I’ve said in the past that I’m not a fan of frameworks. That’s not strictly true. Anything that helps a programmer work more efficiently is great. What I object to are frameworks that force developers to adopt a single programming paradigm or design pattern to the exclusion of all others, especially when that paradigm is badly designed or creates abitrary constraints on software design. When I start work on a programming task I think to myself, “What’s the best way of doing this?” What I should never think is, “What’s the best way of doing this within the constraints of framework X?” As soon as you ask that question you should throw the framework straight in the bin unless there’s a damned good reason for jumping through its hoops.
Anyway, a while ago I found myself developing in C#.NET without a decent ORM or any other kind of framework. For various reasons I wasn’t able to use any 3rd-party code, so I ended up writing my own miniature framework. ALite (“Ant’s Lightweight Framework”) is the result.

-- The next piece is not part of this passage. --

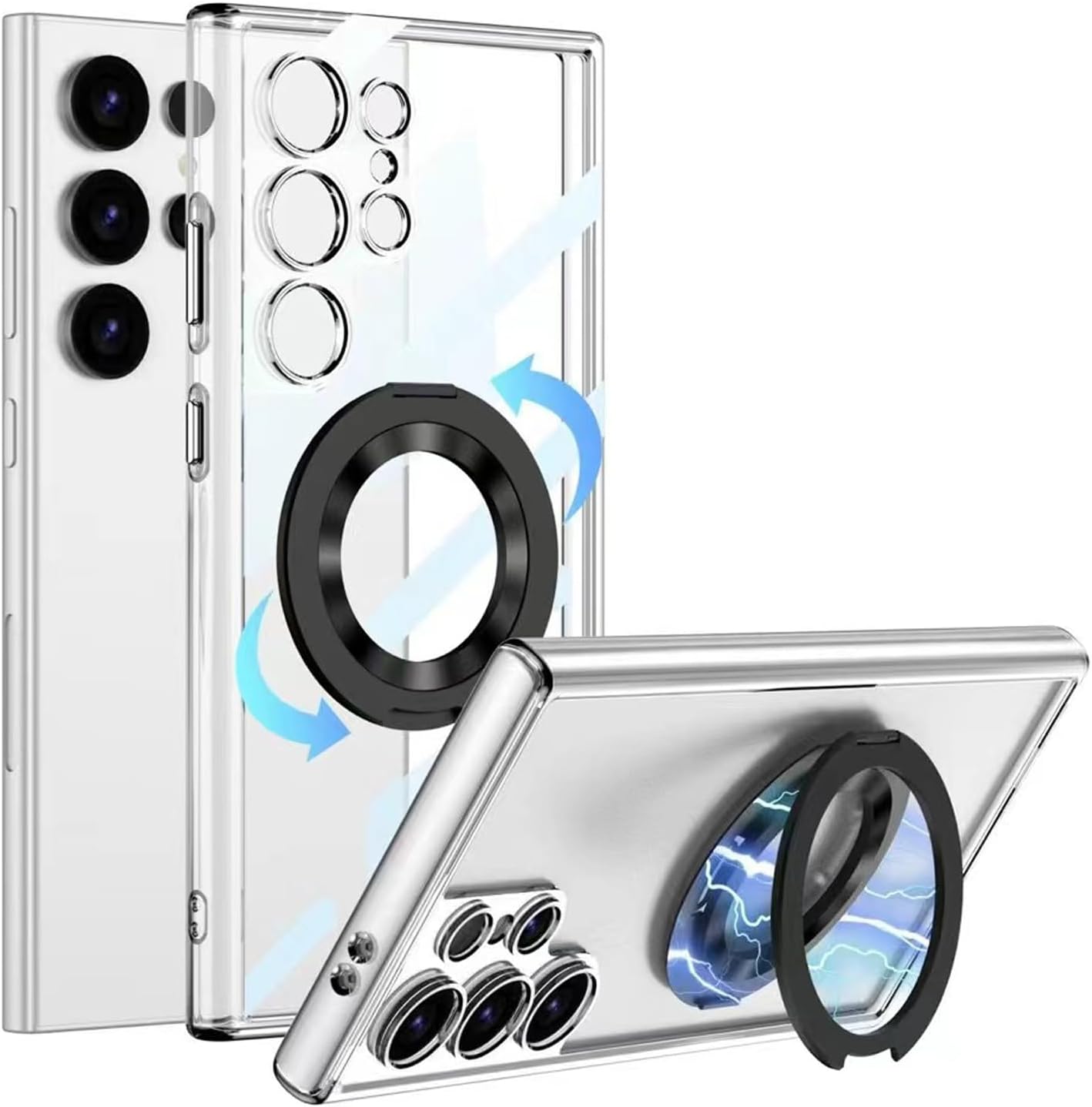 Galaxy S24 ile uyumlu Yüzük Aparatlı 360° Dönebilen Stand Özellilki MagSafe ile uyumlu Çift Katmanlı 2mm Kamera Koruma Yüksek Kalite Glamour Galaxy S24 Kapak Şeffaf

ALite uncomfortably straddles the data access and class library layers of an application. It provides an abstracted data access class designed to remove the pain of ADO.NET and a couple of base classes for creating data-aware objects and generic collections. It features simplistic undo and rule-based data validation functions, along side object status tracking and a simple approach to interacting with a database. It doesn’t do an awful lot, but if you find yourself writing database-driven .NET code from scratch and don’t want to be forced to use Design Pattern of the Month, it might just come in useful.
The zip file includes some very basic documentation. I don’t imagine that anyone else but me will ever use this, so I’m not inclined to spend any time improving the docs, but if there’s any interest I might make it into a SourceForge project and write some decent hypertext documentation. The zip file also includes a pre-built DLL and the BSD-licenced C# code (.NET2).